» AVAILABLE DATA:
=== Begin Enclosure ===
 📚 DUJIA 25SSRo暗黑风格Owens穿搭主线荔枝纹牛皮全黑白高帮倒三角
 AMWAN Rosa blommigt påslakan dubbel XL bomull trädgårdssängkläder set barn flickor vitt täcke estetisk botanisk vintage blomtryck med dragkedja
=== End Enclosure ===
=== Begin Enclosure ===
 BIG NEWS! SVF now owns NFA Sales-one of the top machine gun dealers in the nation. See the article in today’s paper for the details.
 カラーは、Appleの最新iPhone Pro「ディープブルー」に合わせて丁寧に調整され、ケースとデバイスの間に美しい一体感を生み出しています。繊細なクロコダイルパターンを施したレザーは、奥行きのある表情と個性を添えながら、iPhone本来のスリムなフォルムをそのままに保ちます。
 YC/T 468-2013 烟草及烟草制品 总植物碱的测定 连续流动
=== End Enclosure ===
Reproduce verbatim the lines above, from the line with "カラーは、Appleの最新i" through the line with "YC/T 468-2013 烟草及烟草制品 总植物碱的测定 连续流动".

 カラーは、Appleの最新iPhone Pro「ディープブルー」に合わせて丁寧に調整され、ケースとデバイスの間に美しい一体感を生み出しています。繊細なクロコダイルパターンを施したレザーは、奥行きのある表情と個性を添えながら、iPhone本来のスリムなフォルムをそのままに保ちます。
 YC/T 468-2013 烟草及烟草制品 总植物碱的测定 连续流动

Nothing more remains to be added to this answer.